American photographer (1915–2005)

Hyman Peskin (November 5, 1915 – June 2, 2005) was an American photographer known for several famous photographs of American sports people and celebrities published by Sports Illustrated and Life. He was noted for an approach to sports photography that emphasized action shots taken from the field rather than from the press box, with his work being ranked amongst the best sports photojournalism of the 20th century. In 1966 he changed his name to Brian Blaine Reynolds, and founded the Academy of Achievement, bringing young people together with statesmen and Nobel Prize winners.

==Early life ==

Peskin was born in Brooklyn to Russian Jewish immigrant parents. His father, Elias Peskowitz, was a tailor who lost his job during the Great Depression, and Peskin helped support the family by working as a newspaper seller. He began his career during the Depression as a sportswriter for the New York Daily Mirror. He soon switched to photography after learning that photographers earned more, reportedly $21 a week. At that time, sports photographers would work from the press box, limiting the pictures they could take. Peskin became known for covering sports action from the sideline and from elevated positions to obtain more interesting shots. In his early days, he was known for the photographs he took of the Brooklyn Dodgers from Ebbets Field. Peskin often said "I helped make the Dodgers famous and they helped make me".

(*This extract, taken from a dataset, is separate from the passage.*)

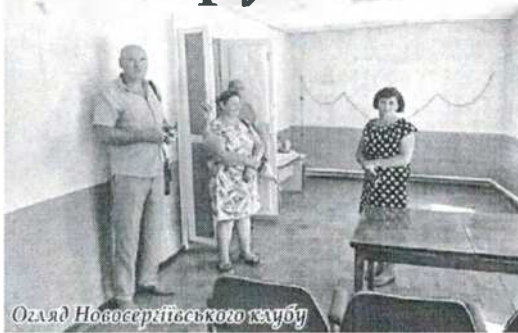
Огляд Новосергіївського клубу

У Новоіванівській школі на керівників міської ради чекав актив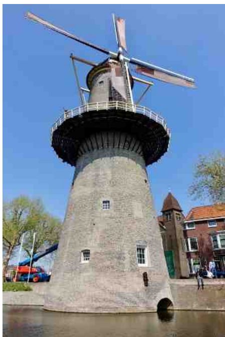
Museummolen t.o. de Kerk

After serving in the Marines during World War II, he wanted to start work as a magazine photographer using color. He applied for positions with 20 magazines but only Look showed any interest. It offered him a job after showing the photo editor pictures of a boxing match he had taken showing the blood on one boxer's face.

Peskin was the first staff photographer hired by Sports Illustrated. "The number of famous pictures that he made here is astonishing," Steve Fine, the director of photography at Sports Illustrated told The New York Times. His picture of Ben Hogan playing a 1-iron shot to the green at the 72nd hole of the 1950 US Open was ranked by Sports Illustrated as one of the greatest sports photographs of the twentieth century. "Instead of following every other shooter to the green, Hy hung back and took his shot from behind Hogan," recalled longtime Sports Illustrated photographer Neil Leifer in an essay in the magazine. "You don't even see Hogan's face, yet it's all there: that perfect swing, his signature cap, the crowd. It's one of the most iconic sports photos ever taken, and Hy got it on one of the most important swings of Hogan's career. That was Hy: always defining an epic moment with an epic picture."

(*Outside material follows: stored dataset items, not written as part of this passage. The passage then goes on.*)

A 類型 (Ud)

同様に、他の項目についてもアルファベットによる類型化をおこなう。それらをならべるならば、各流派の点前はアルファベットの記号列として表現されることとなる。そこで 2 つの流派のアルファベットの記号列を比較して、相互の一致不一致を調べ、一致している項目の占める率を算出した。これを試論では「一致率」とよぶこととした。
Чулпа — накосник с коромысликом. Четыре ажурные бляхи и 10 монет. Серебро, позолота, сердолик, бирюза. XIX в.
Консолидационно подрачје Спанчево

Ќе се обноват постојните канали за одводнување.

Another of Peskin's photographs is said to have inspired the set design for the film Rocky: boxer Carmen Basilio leaping into the arms of his cornermen after knocking out Tony DeMarco in their 1955 welterweight title fight. The black-and-white image walked "the line between reportage and film noir," according to Sports Illustrated.

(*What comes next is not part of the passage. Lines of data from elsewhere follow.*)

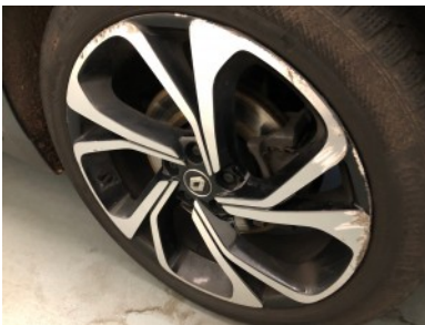
RV velg - Kras(sen)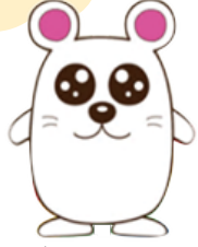
総合ボランティアセンター (なないろ) マスコットキャラクター (通称:なないろの妖精さん!?)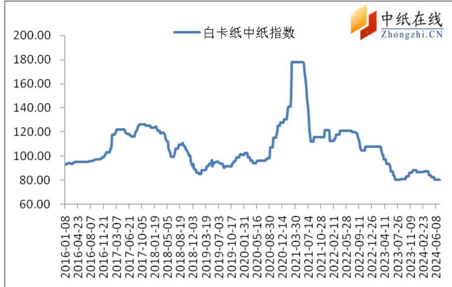
图 1：白卡纸中纸指数走势图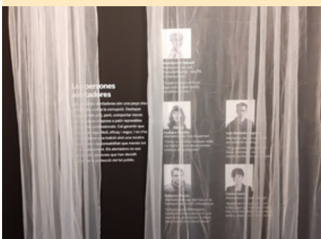
Plafó sobre alertadors de l'exposició "Corrupció! Revolta ètica"

Persona denunciante és la persona física que comunica o revela públicament informació sobre infraccions, obtinguda en el context de les seves activitats laborals.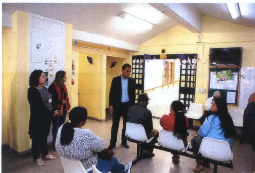
Sala de espera para acolhimento dos usuários.

In 1953, Peskin shot a Life cover and photographic feature of Senator John F. Kennedy and his fiancé Jacqueline Bouvier. These photos helped to promote Kennedy as a national figure and were Peskin's personal favorites.

As a sports photographer, Peskin had 40 of his photographs appear on the front cover of Sports Illustrated. His career as a sports photographer ended after technical problems prevented him from taking usable photographs at the first title fight between Muhammad Ali and Sonny Liston in early 1964.

===Academy of Achievement===

In the early 1960s, Peskin became interested in other ventures and helped organize the World Series of Sports Fishing with Ted Williams. That year, he also launched the first gathering of what became the Academy of Achievement, a non-profit organization that brings leaders from various fields together with "young achievers" to inspire them to succeed. Under Peskin's leadership, the Academy attracted such prominent people as Elizabeth Taylor, Elie Wiesel, Linus Pauling, Johnny Cash and Willie Mays, among dozens of others—to receive awards and talk with top high school students. The Academy of Achievement is now run by his son, Wayne Reynolds.

By 1964, believing his Jewish name to be a liability in fundraising, Peskin legally became known as Brian Blaine Reynolds—using the middle names of his three sons.

==Later life==

In later years, Peskin lived in California and Plano, Texas. His first wife, Blanche, died in 1978. Peskin became known as such a litigious person, usually representing himself in court, that in 1995 a Texas television station did a story about his frequent court cases. He served time in a Texas jail for contempt of court.

==Death==
Peskin died in Herzliya, Israel, in 2005 from complications related to kidney dialysis. He was survived by his wife, Adriana Reynolds, five sons, and a granddaughter.